**Recorded data**
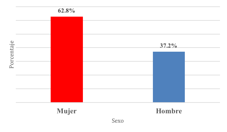 Se observó que un 62.8% (n= 201) de los casos eran del sexo femenino, el sexo masculino represento el 37.2% (n=119) (Figura 3), esto es un hallazgo llamativo debido que en otras poblaciones fueron más afectados las personas del sexo masculino (Henriquez-Marquez, 2021) (Otoya-Tono, 2020) . Esta diferencia puede ser porque en esta cohorte se tiene más mujeres que hombres en la edad adulta. El análisis estadístico de Chi2 no demostró diferencia significativa en el género.
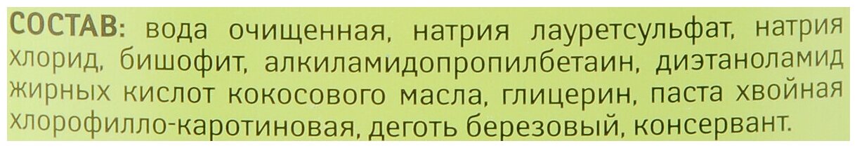 | Состав | вода очищенная, натрия лауретсульфат, натрия хлорид, бишофит, алкиламидопропилбетаин, диэтаноламид жирных кислот кокосового масла, глицерин, паста хвойная хлорофилло-каротиновая, деготь березовый, консервант. |
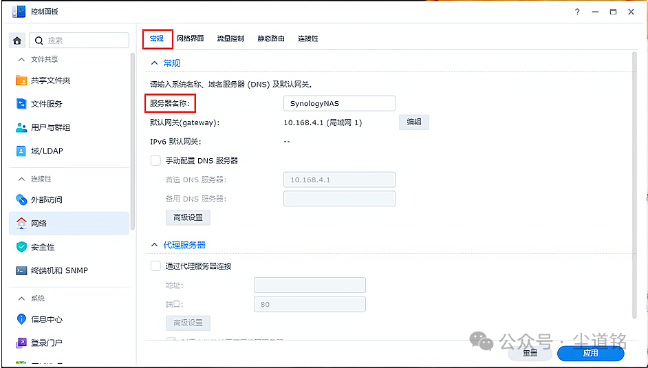 ▼“常规”可以查看默认网关、DNS服务器、代理服务器和IPv6隧道等信息,还可以对服务器名称进行修改。

**What you will do**
Transcribe exactly the line that contains "березовый, консервант. |" and each line after it through the end of the listing. Leave out the pictures.

**Response to this exercise**
 | Состав | вода очищенная, натрия лауретсульфат, натрия хлорид, бишофит, алкиламидопропилбетаин, диэтаноламид жирных кислот кокосового масла, глицерин, паста хвойная хлорофилло-каротиновая, деготь березовый, консервант. |
 ▼“常规”可以查看默认网关、DNS服务器、代理服务器和IPv6隧道等信息,还可以对服务器名称进行修改。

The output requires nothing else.